Sam laughed to herself. She hadn’t wanted to engage in conversation, but in truth it had helped her to talk about it. The smooth motion of the ferry was soothing and the slowness generated more memories. She smiled thinking of the family house with its Italian inspired villa-like architecture. Her mother and father had purchased it after their business success and it had been a substitute for them after they died.
She felt herself growing weepy thinking she was leaving the only home she had known. Lately though, it hadn’t seemed like home and wasn’t offering her the comfort it once had, which was why Sam found herself on a ferry today, resolved to start a new life. Sam didn’t sell the house in Shoreline; she wanted to have the security of being able to go back to it. But for now, the pain of realizing her family home had been a love nest for Marty’s trysts left her hurt and angry.
The sun was still peeking through the clouds as the ferry crawled towards Friday Harbor. She gave Zoe a drink from a bottle of water, dug a treat from her pocket, and the dog settled in to nap for the rest of the ride. Sam mulled over the past, not believing her life could be so different than she had planned.
Sam had traveled the world for business, without Marty. She was the consummate professional, accomplished and capable. She never relied on him, but as she inched toward the island it all seemed overwhelming and she thought she might have made a huge mistake. She knew she could never forget his infidelities, but maybe she should have stayed in her own house and made the best of it. It was all too confusing and Sam had never been so unsure. Her usual confidence and self-esteem had been eaten away during the past year. The absence of her parents had left a deep scar in Sam’s heart and she missed them more than ever today. She longed to hear her mom reassure her and feel her dad’s strong hug.
European river cruises, white sand beaches, Australian adventures, and castles of Ireland that once beckoned from the brochures on her nightstand, were now only dreams that had been torn apart by the man she had loved and trusted. Instead of exotic travel, her future held a quaint island where she hoped the fond recollections of the past would wrap around her like a cozy blanket.
For almost a year she had been suffering and plunging deeper into her own dark thoughts. She had lost over twenty pounds and forced herself to eat, when she remembered. She knew she needed something fresh to focus on and the prospect of a new business venture and warm memories drew her to Friday Harbor.
Her musings were interrupted when the ferry captain made the announcement to instruct passengers to report back to their vehicles for arrival in Friday Harbor. “That’s us, Zoe. Let’s go,” Sam said, as she took hold of Zoe’s leash and headed downstairs.

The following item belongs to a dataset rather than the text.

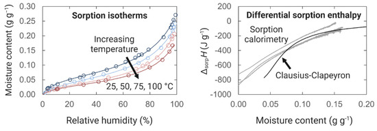 Direct enthalpy measurements of water sorption in wood by calorimetry are scarce in the literature [6,15,87,88], and most enthalpy values of water sorption in wood are derived from the Clausius-Clapeyron equation [89,90,91,92]. However, the development of sorption calorimetry [93,94,95] in the last two decades provides new opportunities for direct measurements that could improve our understanding of wood-water interactions [84], not only for native wood but also for modified wood of various kinds.

As she guided Zoe between the narrow vehicle paths, she spotted the vivid green sticker proclaiming her golden retriever was smarter than any fifth grader. She reached the SUV, loaded Zoe, and after squeezing through the sliver of space the door allowed without smacking the car next to her, rested in the driver’s seat. Cars around her were starting and her lane began to creep forward, exiting the ferry.
As the metal planks of the ferry apron thumped under the weight of her car, she admired the charming shops and buildings neighboring the harbor, looking as if washed in colors from a box of artist pastels. She glanced up at a sign posted on the corner. It read, Welcome to Friday Harbor—Your Hometown Harbor. She could only hope it would prove true. “Well, girl, here we go. Let’s go see our new house and get settled,” Sam said, as she drove off the landing onto Front Street, determined not to let the weight of lost dreams crush her.